I've just tried cleaning my set, but even 50% bleach solution hasn't cleared the algae. I can't find a flexible/small enough pipe cleaner either. Also, one end of the intake is more or less sealed. Might be trying Milton Fluid next...

Anyone else got a set the know how to clean well?

Tom


----------



## GreenNeedle (13 Sep 2008)

There is an eheim brush that is on a flexible nylon cord which you can pull through.

With regard the sealed end, I use 100% bleach solution and then leave the sealed end sitting in it for half an hour, then rinse thoroughly and sit it in some dechlor for half an hour.  Another rinse and then into the tank.

AC


----------



## Mark Evans (13 Sep 2008)

hydrogen peroxide dude will rid anything of anything!    THE green machine sell it.

works a treat on my kit. like supercoley1 mention a nylon brush will help.


----------



## Garuf (13 Sep 2008)

I had that set and I used the marina brush without issue to clean them.
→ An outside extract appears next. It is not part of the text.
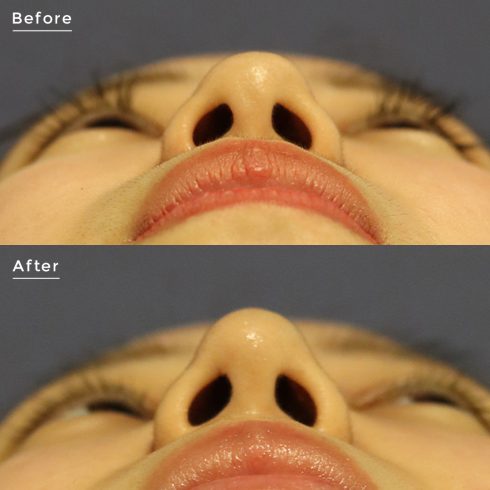鼻先の軟骨部分が歪んでいる場合は、鼻の穴の中と鼻柱(びちゅう:鼻の穴と穴の間の壁)を切開して鼻中隔軟骨(びちゅうかくなんこつ)の彎曲部分を切除するなど、必要な処置を行います。鼻の穴の中のみを切開する場合、傷跡は外から見えませんが、鼻中隔を切開する場合、鼻柱に傷跡が残ります。
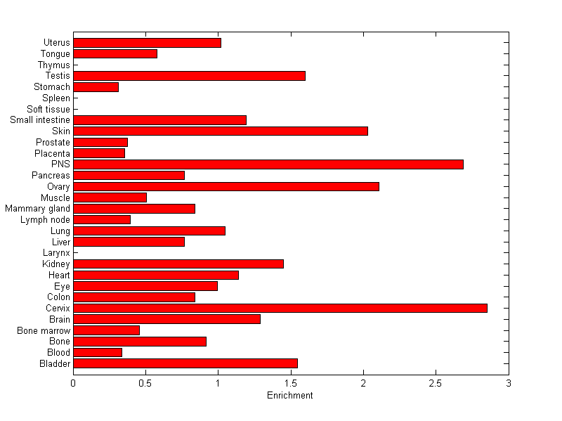 The expression level is normalized with tissue-library size. Each value for a gene in a tissue is a ratio of observed ESTs to the expected one in this tissue. The expected number of ESTs is the product of total ESTs of the gene and the fraction of total ESTs in the tissue among all ESTs in 30 tissues.

Bleach I found didn't clear algae anywhere near as well as vinegar did. Well worth a try.


----------



## The Green Machine (14 Sep 2008)

Saintly is right peeps H2O2 or Hydrogen Peroxide will clean as clean as driven snow and any residue simply turns to harmless oxygen after a short spell in water.
Compared to H2O2 everything else is just bleach.
We will add it to our website this week and it is Â£12.00 per litre which, as it is used diluted, lasts a long time.


----------



## Voo (16 Sep 2008)

Just wondering, what do you use as an inlet / outlet whilst cleaning them?
i'm assuming you need to leave them to soak in the bleach / H2O2.

If i fitted the reqular plastic inlet/outlet it would loosen the pipe that fits over them.


----------



## The Green Machine (16 Sep 2008)

That is where having some spare kit comes in handy, a pain we know, but extremely usefull.


----------



## Dan Crawford (16 Sep 2008)

I have the same set as you and the Marina brushes work a treat with just water. With the large set with the "bubble" on the inlet, the eheim cleaner that was suggested doesn't work, i bought it thinking that it would work a treat but nope! What i di is clean it normally with water and the Marina brushes, then soak the "bubble" in a cup of 100% bleach. Always works well for me anyway. (i do it about twice a month)


----------